July 3 (Reuters) – JPMorgan said demand for gold from key sectors would not be as strong as it had expected, limiting the rise in gold prices this year to $4,300/oz in the third quarter and $4,500/oz in the fourth quarter.
The bank said the risks to its forecast skew to the downside, given possible early interest rate hikes by the U.S. Federal Reserve if data were to come in hot over the balance of the summer.
As recently as June 9, JPMorgan had said it expected gold prices to rise to $6,000 by year end.
On Friday, spot gold was up 1.3% at $4,174.21 per ounce at 1241 GMT, after hitting its highest since June 23. Bullion was up over 2% for the week so far.
High interest rates would weigh on non-yielding bullion as investors turn to assets that offer better returns. [GOL/]
The bank retained a long-term bullish view, saying gold could extend gains in 2027 as central bank purchases and physical demand strengthen amid enduring structural drivers of accumulation.
It also forecast silver prices to average $60 to $65 per ounce over its outlook horizon as the market moves away from last year’s tight physical conditions and the gold-to-silver ratio normalizes.

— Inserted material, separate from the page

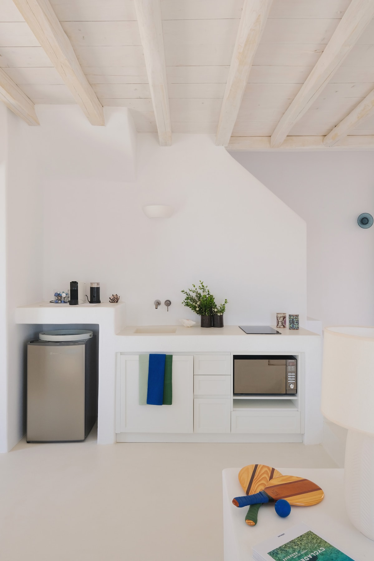 Пляжний будинок із відкритим простором, 60 кв.м. на 6 осіб з 1 двоспальним ліжком, 2 диванами-ліжками та 2-ю кімнатою з 2 односпальними ліжками, дуже стильними та зручними. Вона прикрашена богемним і затишним дизайном у поєднанні з кікладською культурою. Будинок має прямий вихід на веранду з видом на море, з великим обіднім столом. Воно розташоване на невеликій затоці з схожими білими місячними скелями, як Саракініко, які утворюють затишну бухту перед будинком, разом з аква-будинками 1 і 3. Вітальний кошик із місцевими продуктами.

Platinum prices are expected to average about $1,800 per ounce by the end of 2026 and rise to around $1,950 per ounce by the end of 2027, supported by supply-side fundamentals in South Africa.
The bank forecasts palladium prices at $1,350 per ounce by end-2026, and expects it to average around $1,300 in 2027, in line with broader weakness across the precious metals complex.